The former network manager of VRT1 and VRT Canvas, Lotte Vermeir, has repeatedly sounded the alarm about inappropriate behavior by Ricus Jansegers, the content director who had to resign together with her in September.
This is evident from an email that Vermeir sent to Flemish Minister of Media Cieltje Van Achter (N-VA) where There quotes from. The email also arrived The Standard justifiably. “I suspect that you have not been informed correctly,” Vermeir writes. She is responding to statements made by Van Achter in the Flemish Parliament two weeks ago. He then stated that VRT CEO Frederik Delaplace had told her that he was “not aware of any complaints about inappropriate behavior” by Jansegers.
Like The Standard As previously reported, the VRT top has been repeatedly informed by Vermeir since 2022 about Jansegers’s problematic behavior, according to her. “I discussed it with the HR director (Karen Donders, ed.) and the CEO, Frederik Delaplace,” Vermeir now states in her email. “Because little happened with this, I also reported it to the chief of staff of the Minister of Media (Benjamin Dalle (CD&V), predecessor of Van Achter, ed.).”

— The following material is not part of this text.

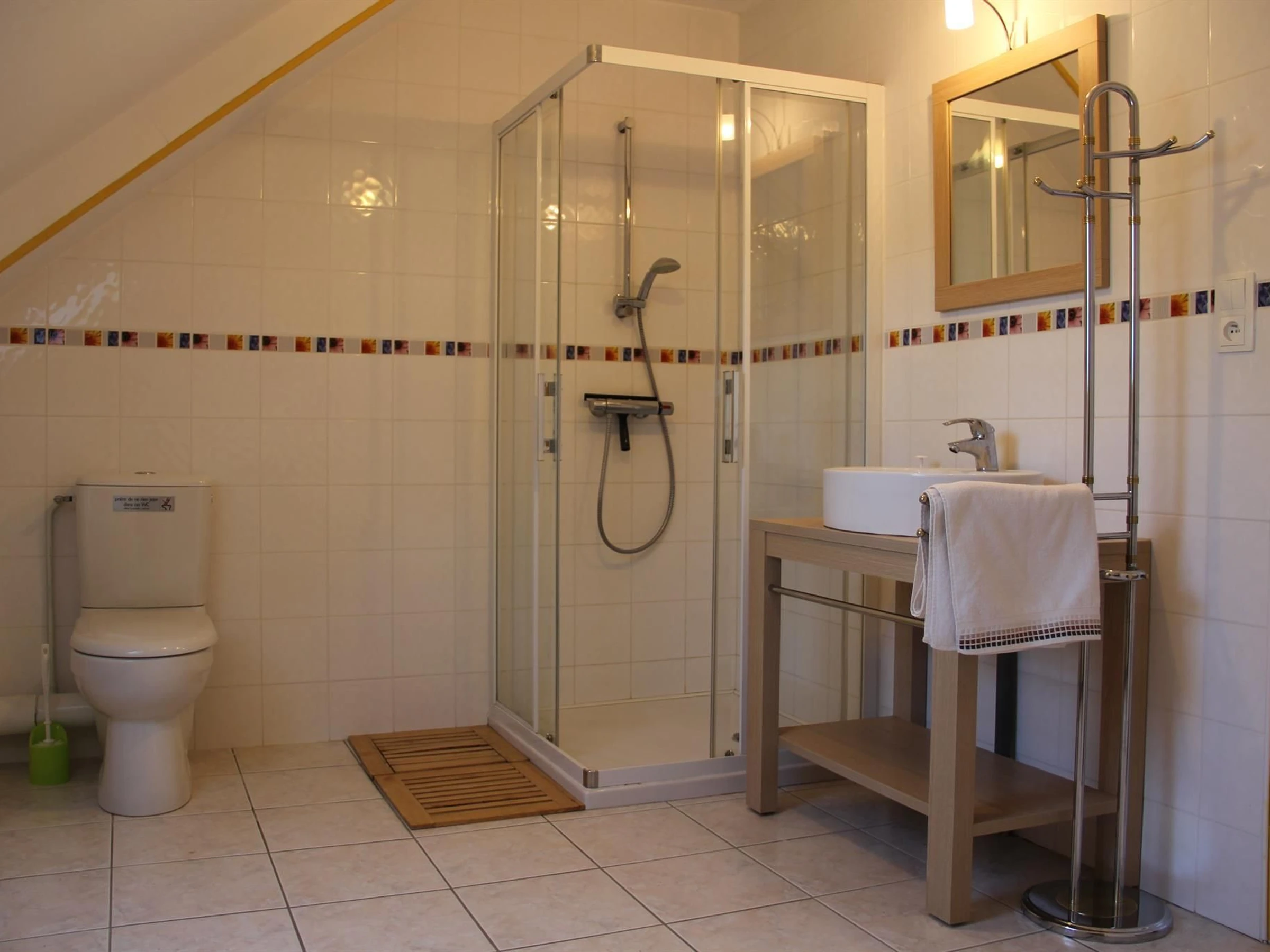 Au 1er étage : 1 chambre "Hirondelle" avec 3 lits 90x190 1 chambre " Mésange" avec 1 lit 140x190. Ces 2 chambres ont chacune un accès direct à la salle d'eau (douche et wc). Une 3éme chambre " Tourterelle" avec 1 lit 140x190, 1 lit 90x190 ( un lit bébé peut être installé ) est accessible en passant par la chambre Mésange . Des livres sont à disposition dans chaque chambre. Si vous avez commencé un livre au cours de votre séjour, vous pouvez le ramener chez vous et le renvoyer . Téléphone à disposition. La grange a été aménagée en cuisine d'été avec 2 grandes tables permettant de partager des moments conviviaux. Gîte Bébé Câlin : équipement bébé fourni. Possibilité d'accueillir des chevaux.

She then writes how her reports “cost her dearly”, in the form of a negative evaluation in 2023, by Jansegers, who was Vermeir’s superior. “It wasn’t about my results, it was about my lack of loyalty. I also reported this again to Karen Donders and Frederik Delaplace. I literally said that the conversation about the evaluation was cross-border.” She says her request to investigate the matter further was not followed. “I was given a coach, a mediator, to learn how to deal with Ricus.”
Other complainants
The same year, four other female employees tried to jointly address Jansegers’ behavior, says Vermeir, but an internal coach allegedly refused to support them in this. According to information from The Standard This concerns all high-ranking people within the VRT. At an external prevention service, Vermeir was told that a complaint through them would result in a report that would go to the CEO, “whom we now knew was minimizing these complaints and worse, that they could lead to a negative evaluation.”
This year she again raised issues with HR director Karen Donders, including the rude statements that Jansegers allegedly made, where The Standard reported, such as “I’ll cut your balls off with an unsharp knife”. Donders would not have described it as toxic. Vermeir also filed a whistleblower report and raised the issue with various confidential counselors and prevention services, but received no response, she says. In total there would be about ten reports.
-“We personally reported this to several people in the office of the CEO, in the office of the HR director, even to the chief of staff, because we received no response. Where should you go if you want to address toxic leadership from a director?”
Take revenge
The email comes at an unpleasant time for Delaplace. He is expected in the Flemish Parliament on Thursday to present the VRT’s annual report, as he does every year. Several MPs who are critical of the VRT leadership are keen to talk about the scandals at the VRT sooner.
Such as Gwendolyn Rutten (Open VLD), who has already expressed strong criticism of the VRT leadership. According to her, this violates the protection of internal whistleblowers. Vermeir was fired after an investigation in her department, conducted by the internal welfare department, according to Rutten at the request of CEO Delaplace. That investigation was initiated, according to Rutten, by the head of that service. But that person was informed barely a week before that Vermeir was a whistleblower. According to Rutten, this may indicate that the VRT leadership wanted to take revenge on Vermeir.
“If a recognized whistleblower is dismissed, there is ‘a presumption of retaliation’,” Rutten writes in an opinion piece in this newspaper. “For the VRT, the presumption of revenge against a whistleblower applies today, until proven otherwise. That can count for a value-driven public broadcaster.” Some, such as Bram Jaques (Green), are calling for Delaplace’s resignation.
Minister Van Achter says that she has given the email “the appropriate response by delivering it to the welfare service of our public broadcaster”. However, that is the agency that drew up the report on the basis of which Vermeir was fired. She calls making statements about a specific personnel file “inappropriate”. “What does count is that the VRT takes its responsibility and does everything to prevent inappropriate behavior.” The VRT did not want to respond.